Усилие вызвало приступ кашля, однако его значительно сильнее раздражало тяжелое дыхание женщины и страдальческое выражение ее лица. Он бы оттолкнул ее, если бы мог это сделать.

Воронцов покачал головой. Лок яростно кивнул.

– Уходите все… возьмите автомобиль… – дыхание мешало ему. Долгие хлюпающие вдохи и выдохи были подобны приливу, в котором он тонул с головой.

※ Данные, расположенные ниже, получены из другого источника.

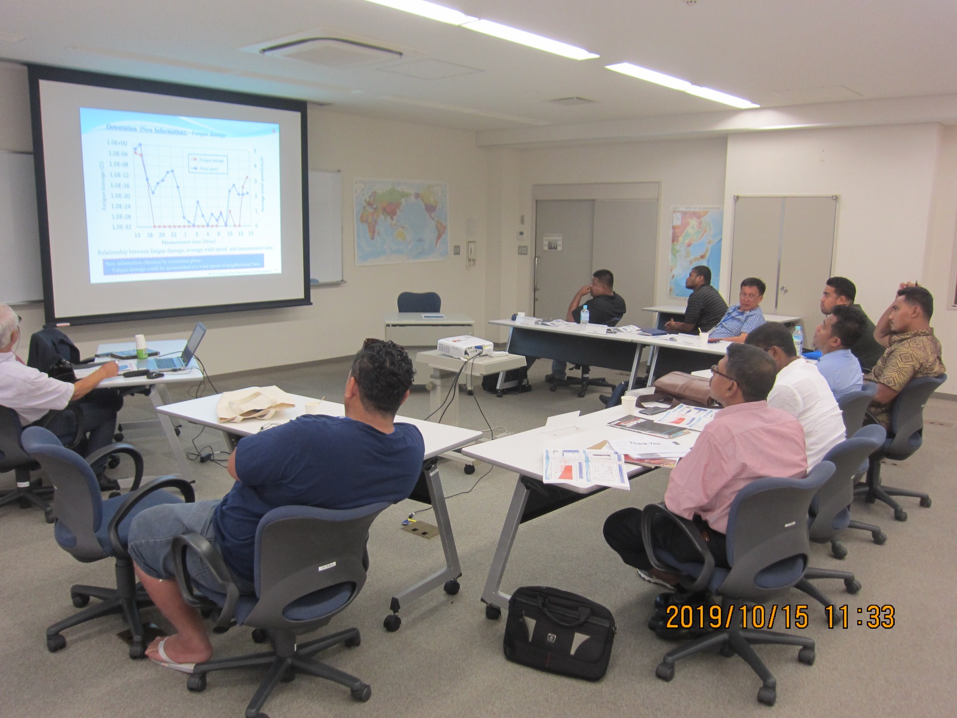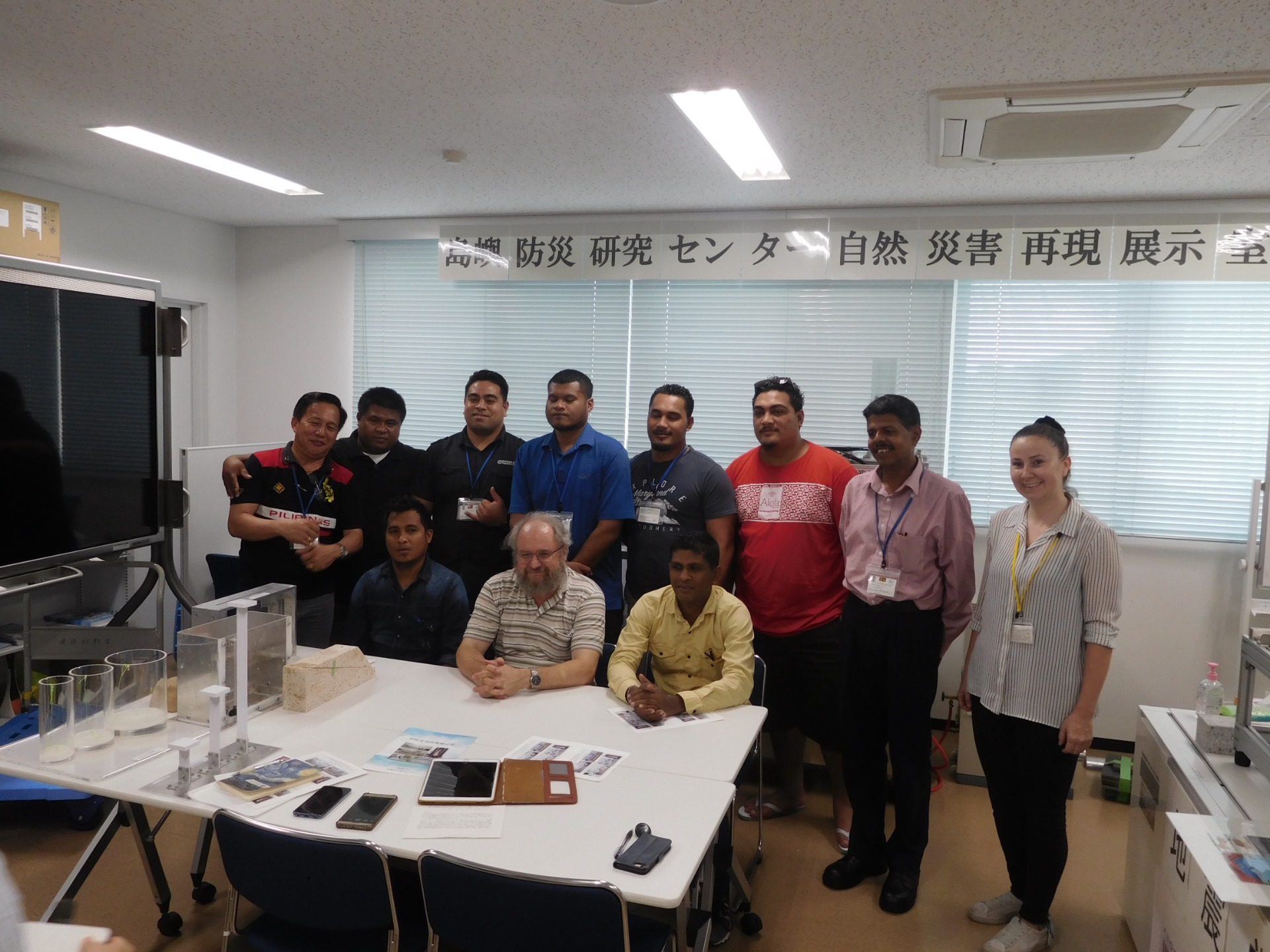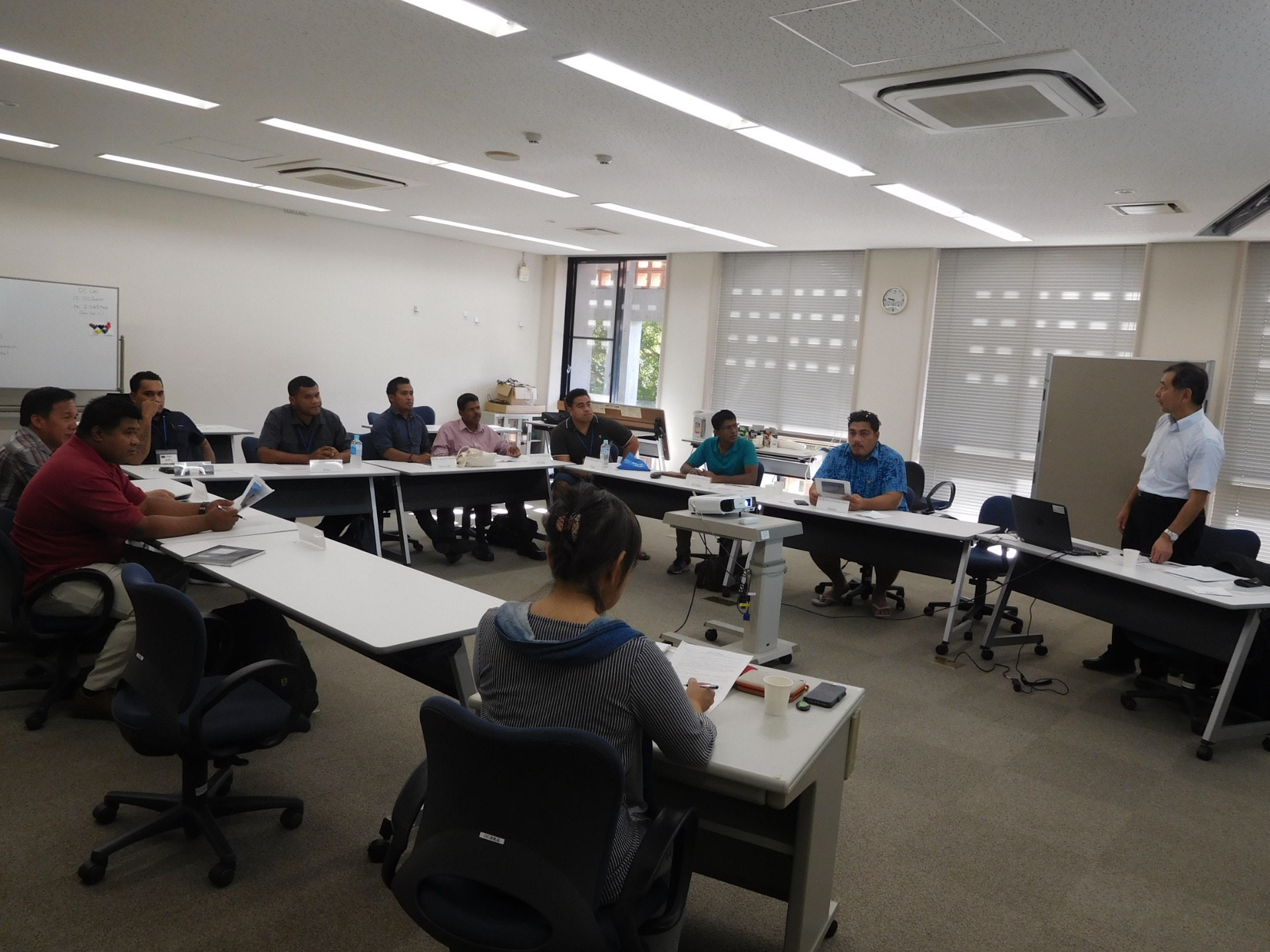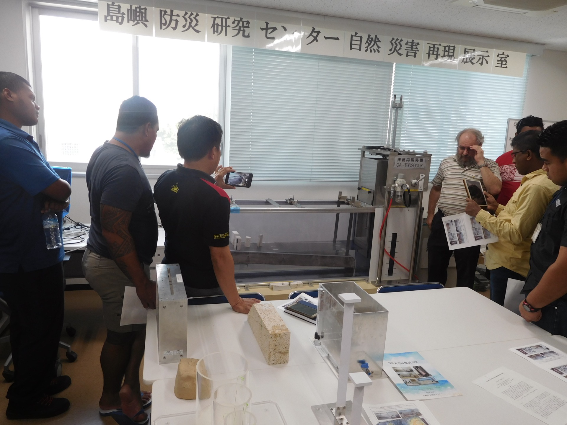 琉球大学工学部において、午前は藍檀教授による地盤工学に関する講義と、島嶼防災研究センターの自然災害再現展示室の研究装置見学でした。研修員からは最先端の津波再現装置等に興味を示していました。

Воронцов снова покачал головой.

– Если мы уйдем, то только вместе с вами. Операция…

Лок отвернулся.

– Нет… смысла…

– Тогда нам придется забрать Тургенева, выторговать себе свободу!

– Нет, – картина снова стала ослепительно четкой.

Дмитрий стоял за его креслом, женщина склонилась сбоку, Воронцов имел мрачный и торжественный вид, как и подобает присутствующему у смертного ложа. Теперь боль была больше похожа на свет, чем на жар. Лок видел ситуацию с детальной головокружительной ясностью: таков был первый и единственный дар, принесенный ему ранением.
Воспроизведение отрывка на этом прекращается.